So I want to reiterate here, HEIF is a container format.

Not too similar to the QuickTime movie file format.

It's got many more options and a lot more flexibility than a JPEG file format.

Now, our image payload is encoded using HEVC.

And as we've learned, that provides great compression improvements over JPEG, up to 2X.

We also encode the image payload as 512 x 512 tiles.

And amongst other advantages, that provides great flexibility for fast incremental loading of high resolution content.

We also have a 320 x 240 embedded thumbnail, which is four times the resolution but only twice the size of our current 160 x 120 JPEG embedded thumbnail.

Why can we do this?

Because the thumbnail was also encoded using HEVC.

We still support an image, EXIF metadata payload compatible with the payload that we capture in our JPEG format.

So HEIF with the HEVC encoded image will be identified in the file system with a new extension .heic or .heic as we call it.

So some will know this is a breakaway from the DCF 8.3 filenaming convention.

So if you have any assumptions with your file name parsers, a variant three character extension, we now have the default still capture format that has four characters.

So where is HEIF decode supported?

It's supported on all of our it's available on all of our supported platforms that have macOS 10.3 or iOS 11 installed but there's a variety of hardware and software support.

For iOS, we have hardware decode on the minimum config of the A9 chip.

An example, of which, is the iPhone 6S or the iPad Pro.
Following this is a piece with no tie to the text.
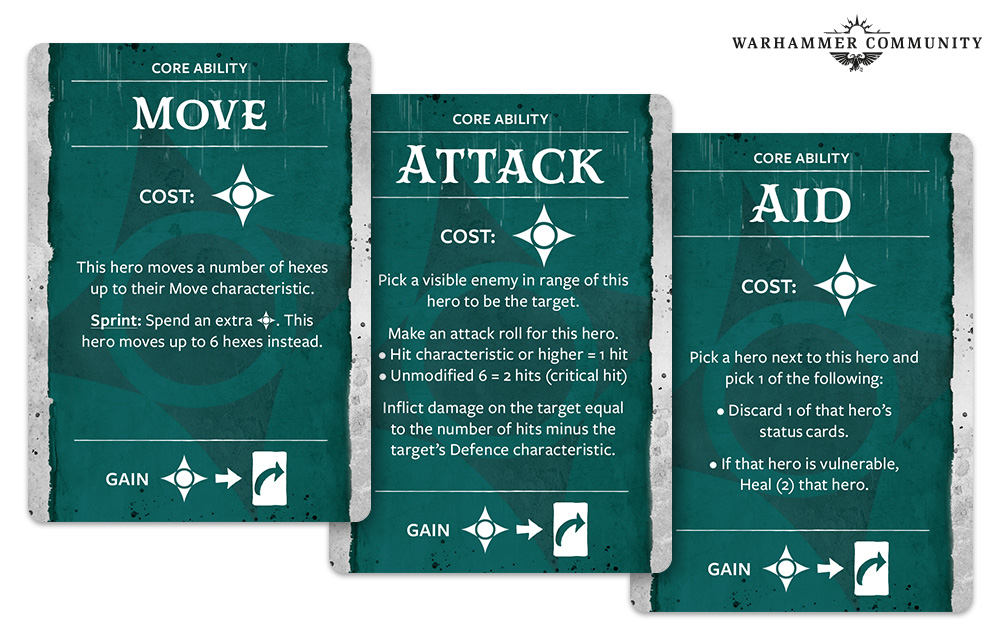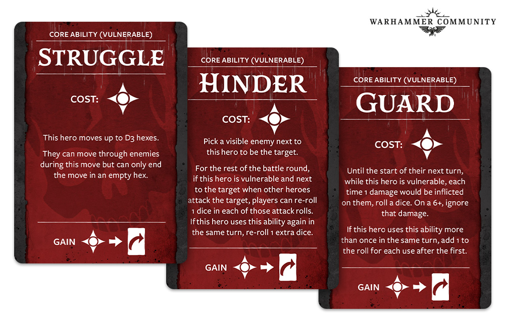 If a hero takes damage while Vulnerable, one of their abilities becomes infected – and requires two energy to use instead of one. If all a hero's abilities are infected, enemies will ignore them while moving and attacking, believing rot and entropy will sort the rest out. Thankfully, healing through Aid, or via a Sip of Aqua Ghyranis reward card**, or just through a free small D3 heal after each encounter gets them back on their feet and ready to fight again, though being in such a precipitous state doesn’t bode well for the next encounter…

On macOS, we have hardware decode support on the sixth-generation Intel Core, which is the Skylake family of processors.

An example of that machine is the new MacBook with the touchbar, but we have software decode support on all of our supported iOS and macOS devices.

So where do we have HEIF image support?

ImageIO was Apple's lowest level image framework.

And it supports HEIF as a source for decode, incremental loading, metadata, and thumbnail abstraction.

This is in line for their other supported image formats using exactly the same APIs.

Core Image also supports HEIF as a source for real-time image manipulation.

And the PhotoKit APIs which allow access to assets in the photo library also supports direct access to HEIF, but I'll talk about this framework in a little more detail in the coming slides.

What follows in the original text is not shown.